Lire les deux recueils en parallèle est un bon regard sur les tropismes français, et européens, de traitement du sujet. L’impression que le problème est un problème de distance avec ce sujet, et surtout, d’agentivité (oui, encore). Nous n’arrivons pas à nous considérer comme des héros potentiels de cette révolution, mais bien comme des sujets à protéger, qui pourraient au mieux s’insoumettre ou réguler, mais pas créer.
Il n’en reste pas moins que ces deux recueils sont à lire. Ils montrent qu’on peut revivifier un espace qui s’apparente à ce qu’ont été des revues, sur des sujets aussi fondamentaux. Un paysage se dessine.
A côté de ce débat européen un peu déprimant, car tourné vers un esprit d’ombre, de protection, et de recherche de marges de manœuvre, la poursuite du débat américain sur le Abundance d’Ezra Klein et Derek Thompson, dont je parlais dans une précédente newsletter, est vraiment vivifiant. Une de mes lectures marquantes de la semaine est celle du papier qu’Henry Farrell consacre dans Combinations au livre, et surtout au débat qu’il suscite, à ses forces comme ses faiblesses. C’est riche, riche.

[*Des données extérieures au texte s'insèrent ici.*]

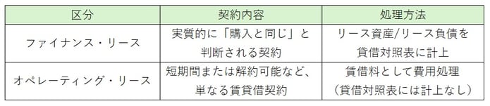 中小企業においては、ファイナンス・リースのうち所有権移転外ファイナンス・リースはオペレーティング・リースと同様に賃借料として費用処理することが認められており、実務的に

C’est l’amorce d’un débat post-silicon Valley qui se dessine, où une autre frange de l’espace politique et intellectuel que les techno-césaristes qui fascinent tant Giuliano Da Empoli et le Grand Continent cherchent un futur de construction et d’abondance.
Le sujet qu’ouvre Abundance n’est pas dans une opposition stérile entre centre-gauche et gauche radicale, comme le suggère Farrell, mais bien dans l’ouverture de pistes intéressantes, critiques et riches, à la réponse : comment construire un futur de manière dynamique ? J’y ajoute cette question relevée dans l’article, pour la blague : After software eats the world, what comes out the other end?
Après cette lecture vivifiante (je suis un fan de longue date d’Henry Farrell), je me suis perdu sur Combinations, stimulante revue de la RadicalXchange foundation. Un article est notamment passionnant : the art of broad listening. L’auteur, Jack Henderson, de la fondation, parle de pratiques émergentes dans les élections récentes en Asie, de nature à revivifier la démocratie dans une ère qui intègre l’IA. Alors que notre concentration européenne est pleinement sur les menaces, les risques associés à l’IA, des pratiques émergentes tentent d’utiliser la technologie pour résoudre des problèmes neufs.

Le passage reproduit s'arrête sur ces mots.